Over the years, I’ve been gradually building our collection of Latin American art from the 1960s—a time marked by political instability and turmoil but also a boundless sense of optimism and experimentation. Julio Le Parc’s work was at the very top of my list, and in 2013 I happily succeeded in acquiring Mural: Virtual Circles for LACMA. This beloved interactive work is now on view in our new David Geffen Galleries.

Seen from the front, it is deceptively static but becomes fully activated with just the slightest shift in the viewer’s position. The construction is surprisingly plain: it consists of seven wood boxes with patterned laminate placed on the interiors, which is then distortedly reflected onto curved sheets of polished metal. Despite its simplicity, the work is visually complex and almost scientific in its conception.
Born in Mendoza, Argentina, to a humble working-class family, Le Parc moved to Paris in 1958, where he was a major member of the op and kinetic art movement. In 1960, he co-founded the Groupe de Recherche d’Art Visuel (GRAV), a laboratory of collaborative artistic experimentation. The group’s goal was to break from traditional art that turned viewers into passive observers. They created playful, participatory works that destabilized the audience’s perceptions and promoted a more democratic way of experiencing art—what Le Parc called a “plastic kinetic adventure.”

A year after I acquired Mural: Virtual Circles, I traveled to Cachan, just outside Paris, to visit Le Parc. His son, Yamil, warmly picked me up at the train station and brought me in through a scintillating dark room filled with luminous kinetic works. From there we proceeded to the home-studio: a bright space covered with large mood-lifting works painted the colors of the rainbow. Le Parc came down dressed in his signature blue overalls and lab coat. When he found out I was from Mexico, he mischievously brought out a bottle of tequila, and we talked about this and that while touring his enormous workspace. We had a great time. He was as optimistic as he was incisive, and generously fielded all my impertinent questions, including whether he considered himself more a European or Latin American artist, to which he wryly responded that he was both.
For him, whether his work was presented within the context of Europe or Latin America was irrelevant because any work could be shown in myriad contexts; what mattered was that it be shared and enjoyed by everyone. In this sense it’s instructive to remember that throughout his life and career, Le Parc maintained one foot in Latin America, where he frequently traveled and exhibited his work, and that when he went on to win, with great fanfare, the International Grand Prize for Painting at the 1966 Venice Biennial, he represented Argentina, not France.
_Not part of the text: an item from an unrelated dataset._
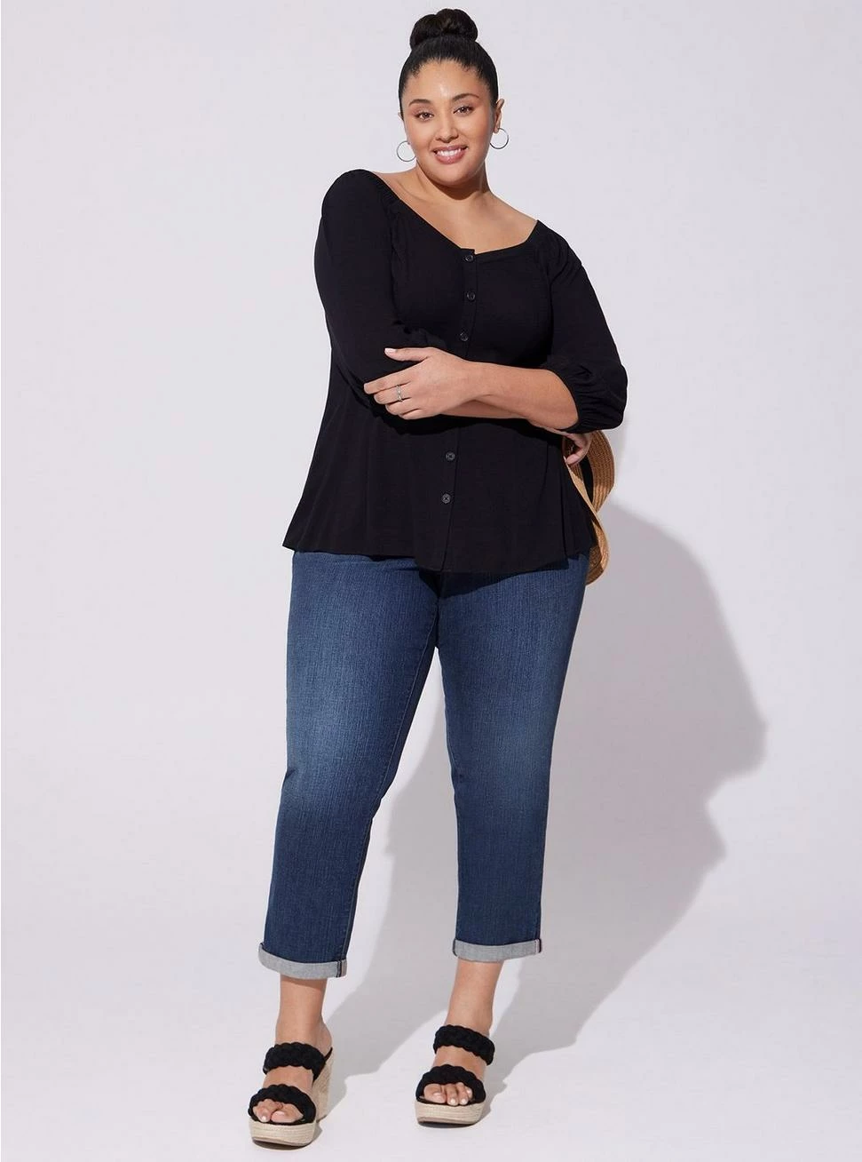 - Rayon Slub woven fabric: A soft, linen-like feel that drapes perfectly on the body with a touch of stretch. Perfect for when you want to be polished but comfy at the same time.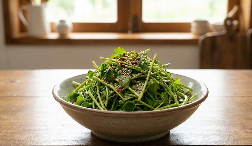 • 효능: 미나리는 대표적인 알칼리성 식품으로, 미세먼지를 통해 들어온 산성 노폐물을 중화해 줍니다. 특히 가래를 삭이고 기관지 염증을 완화하는 데 효과적입니다.

I found Le Parc’s lack of concern with such divisions refreshing, especially in light of recalcitrant efforts to pigeonhole artists into myopic categories that are more exclusive than inclusive.
Mural: Virtual Circles was created during the heyday of GRAV’s formal investigations, two years before the group disbanded in 1968. It was exhibited by the celebrated art dealer Denise René (1913–2012) in 1968. Le Parc’s playful yet exacting work brilliantly mirrors his own personality. His blue overalls and lab coat were clearly much more than protective garments: they symbolized that art-making is a form of work like any other (not an elitist activity), and that a good work ethic is the path to all forms of creativity. He belonged to a generation that considered the viewer part of the artwork—not separate from it—and that strove to demystify the idea of the artist as a solitary genius. Ahead of his time in more ways than one, he never stopped experimenting.